Ilustrasi pasien anak dirawat. (Foto: Getty Images/iStockphoto/kan2d) |
Ketua Dewan Pakar Perhimpunan Ahli Bedah Ortopedi Indonesia (PABOI) & Guru Besar Fakultas Kedokteran Universitas Airlangga Surabaya Prof Dr dr Ferdiansyah, SpOT(K) menyebut tren kasus kanker tulang di Indonesia bak fenomena gunung es. Banyak kasus tidak teridentifikasi atau telat terdeteksi hingga terlambat ditangani.

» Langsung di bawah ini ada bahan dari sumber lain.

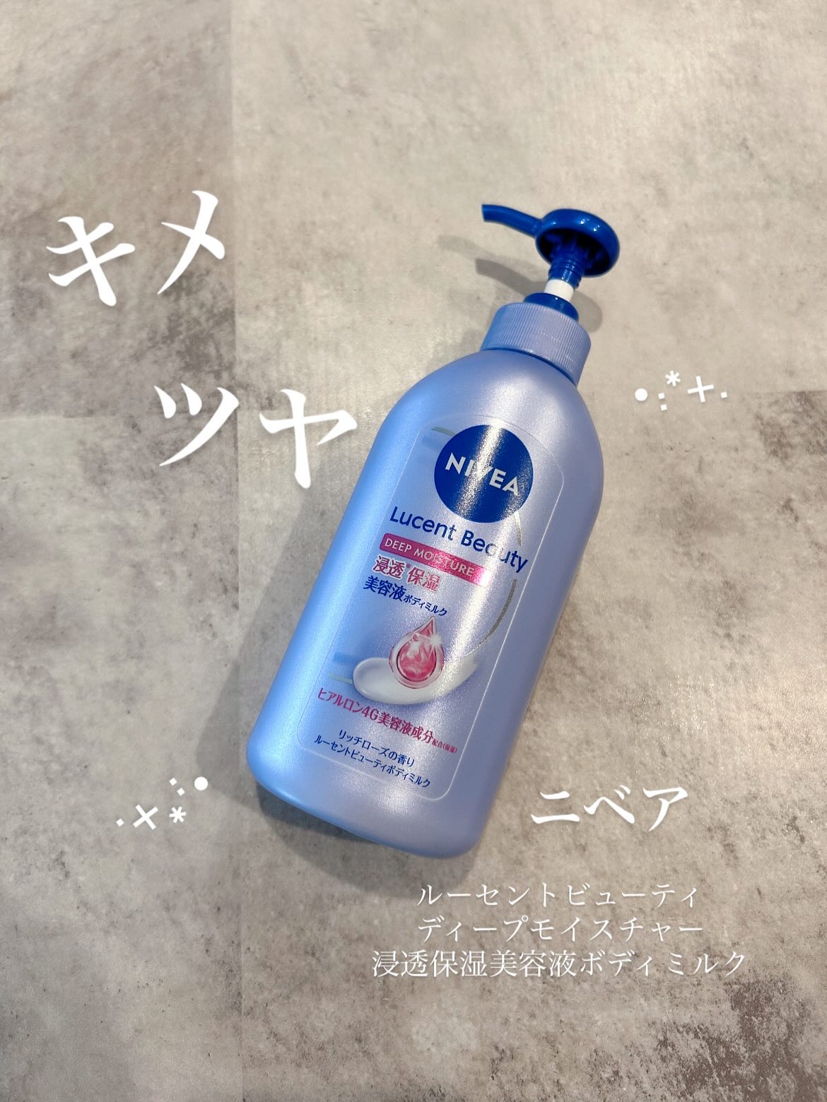 - うるおって透明感あふれる美肌へ導く、高保湿美容液ボディミルクシリーズ。 ニベアが考えるボディの美肌の鍵「キメ・つや・なめらかさ」にアプローチ。 うるおいに満ちて透明感のある肌に導く。ヒアルロン4G美容液成分※1 配合(保湿) キメが整ってなめらかで艶やかなうるおい透明美肌に。美容液ミルクが角層深部に浸透し、うるおいが長続き。 浸透ヒアルロン成分配合:浸透型※2ヒアルロン酸※3、グリセリン(すべて保湿) 気分満たされる、華やかで上質なリッチローズの香り ※1 ヒアルロン酸Na、グリセリン、グリコーゲン、グリセリルグルコシド、グルコサミン ※2 角層まで ※3 加水分解ヒアルロン酸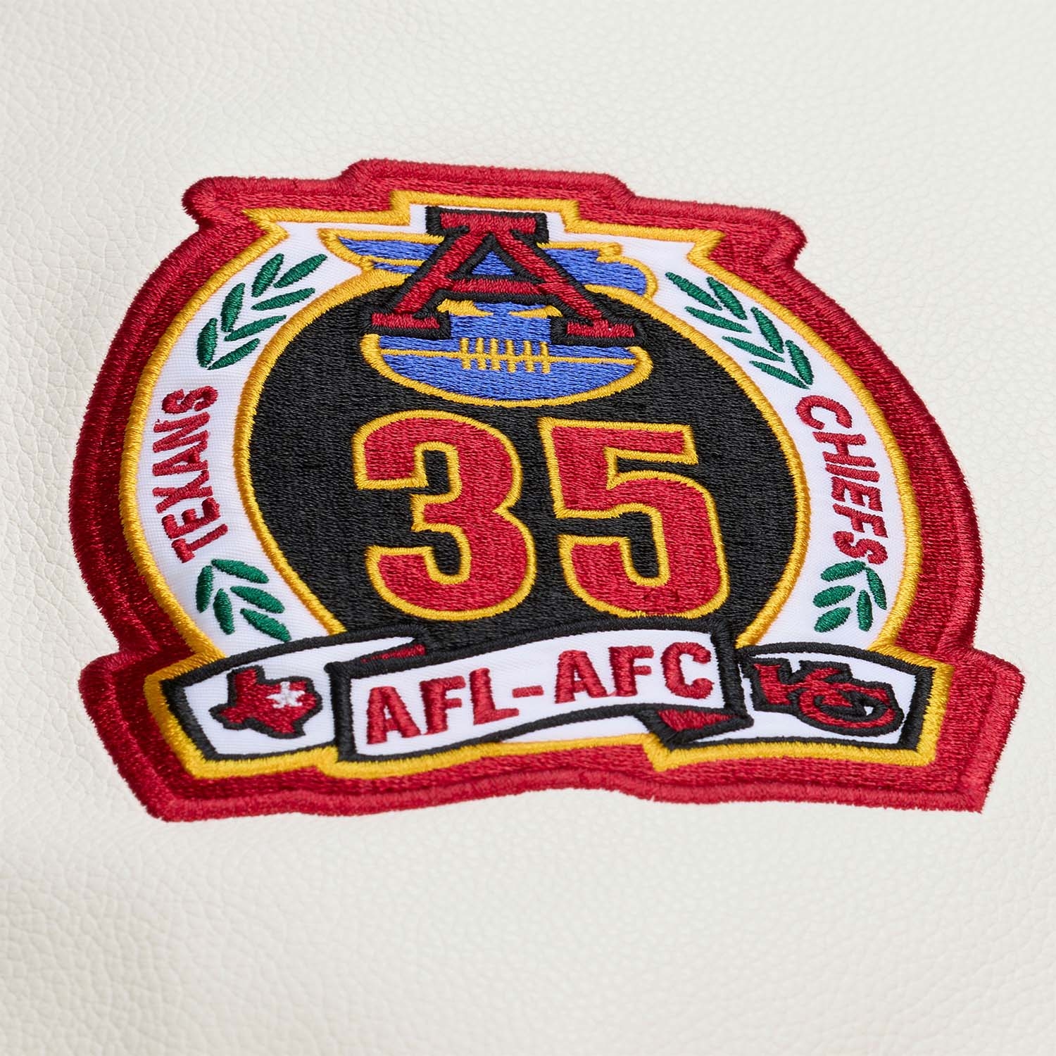 Mitchell & Ness NFL Men's Vintage Dusted Varsity American Football Jacket with faux leather sleeves and stiched team patches from your Kansas City Chiefs.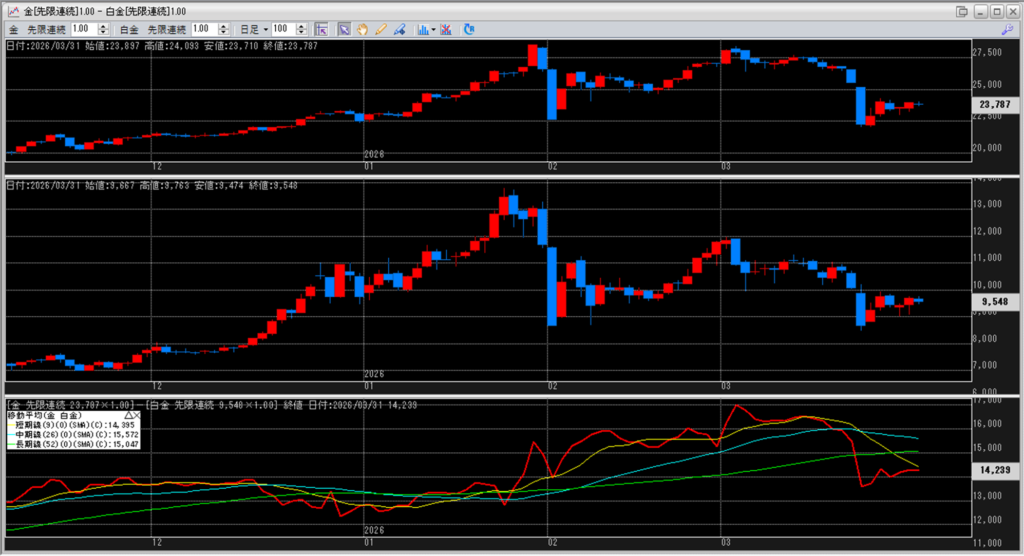 下記に金白金鞘の移動平均線のチャートを貼り付けています。
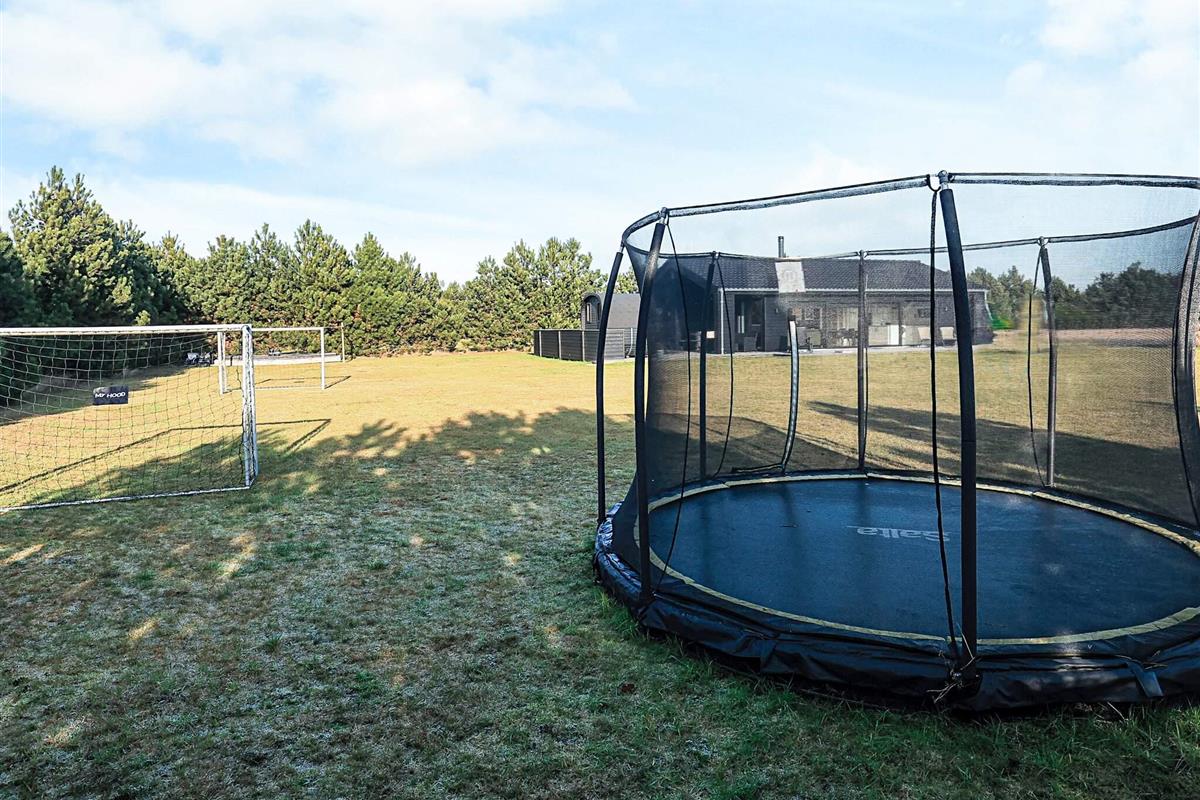 Das 1.840 m² große Naturgrundstück bietet zahlreiche Außenanlagen, darunter eine große Terrasse, die zum Sonnenbaden und Grillen einlädt, sowie eine überdachte Terrasse, die es ermöglicht, den Aufenthalt im Freien bei jedem Wetter zu genießen. Das Gelände ist mit grünem Gras angelegt und bietet lustige Aktivitäten wie zwei Fußballtore und ein Bodentrampolin, die die Kinder lieben werden. Gartenmöbel, Sonnenliegen, Sonnenschirme und ein Grill stehen zur kostenlosen Nutzung bereit. (Bitte beachten Sie, dass diese im Winter in einem Schuppen gelagert werden.)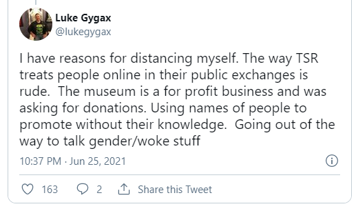 I have reasons for distancing myself. The way TSR treats people online in their public exchanges is rude. The museum is a for profit business and was asking for donations. Using names of people to promote without their knowledge. Going out of the way to talk gender/woke stuff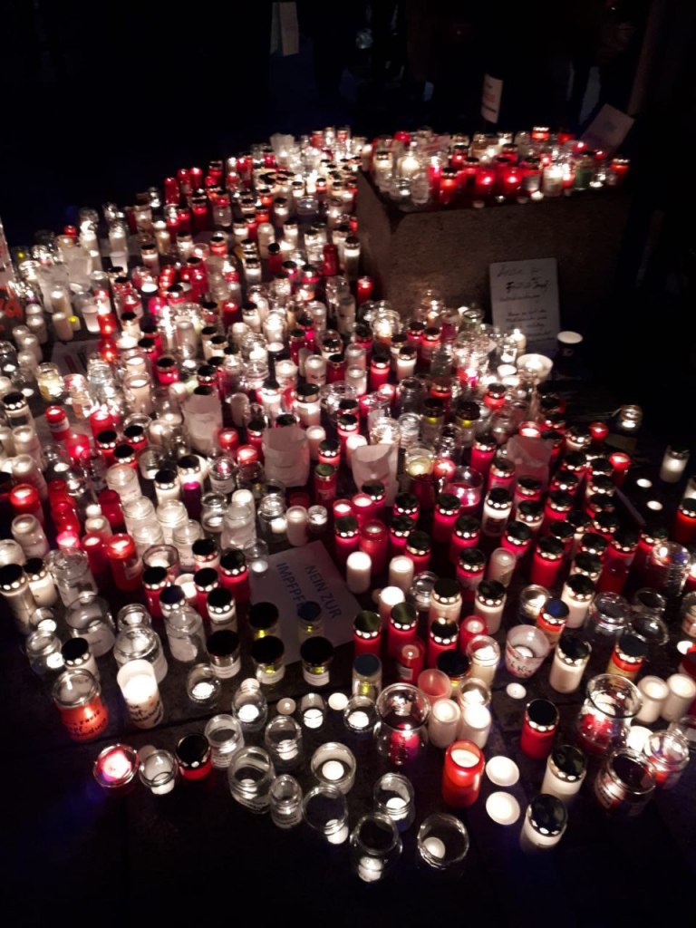Die Vernichtung von einem Meer aus Kerzen, ist ein untrügliches Zeichen dafür, dass wohl in dieser Stadt gesunde Menschen aus Pflege & Medizin nicht gebraucht werden. Politiker die mit ihrer asozialen Gesundheitspolitik dafür gesorgt haben, dass unser Gesundheitssystem selbst auf der Intensivstation liegt, suchen nun in Ungeimpften die Schuldigen für ihre Fehlpolitik. Ein Treppenwitz sondersgleichen!

Menurut Prof Ferdiansyah ada dua gejala khas kanker tulang yang muncul yakni benjolan dan rasa nyeri yang tak tertahankan. Rasa nyeri tersebut juga umumnya tidak mereda meskipun telah diberi obat dalam jangka waktu panjang.
Dua kanker tulang yang kerap ditemui yakni osteosarcoma dan ewing sarcoma. Keduanya banyak menyerang anak dan remaja mulai dari usia 5 hingga 14 tahun. Jika mengacu pada data Amerika Serikat (AS), prevalensinya berada di 5-12 persen per 1 juta penduduk. Kemungkinan yang sama dilaporkan di Tanah Air.
"Trennya ini mungkin kurang lebih seperti fenomena gunung es, yang datang itu sudah terlambat, jadi mungkin kalau kita mendeteksi dini, yang akan datang harusnya lebih banyak lagi," beber Prof Ferdiansyah, dalam konferensi pers Selasa (4/7/2023).
"Memang di RS tempat saya praktik sendiri, semakin lama semakin banyak ya tapi mungkin itu karena ada deteksi dini yang bagus, ketika datang di awal," sambung dia.
Penyebab pasti kanker tulang hingga saat ini belum diketahui. Sama seperti kasus kanker lain, ada beragam faktor yang mungkin melatarbelakanginya.
"Ada faktor genetik, ada faktor lingkungan, adanya polusi, dan jangan lupa banyak makanan cepat saji yang banyak mengandung karsinogen," jelas dia.
"Jadi kita masih melakukan banyak penelitian," sambung dia.
Artikel ini telah tayang di health.detik.com dengan judul "Bak Fenomena Gunung Es, Banyak Anak 5-14 Tahun di RI Kena Kanker Tulang"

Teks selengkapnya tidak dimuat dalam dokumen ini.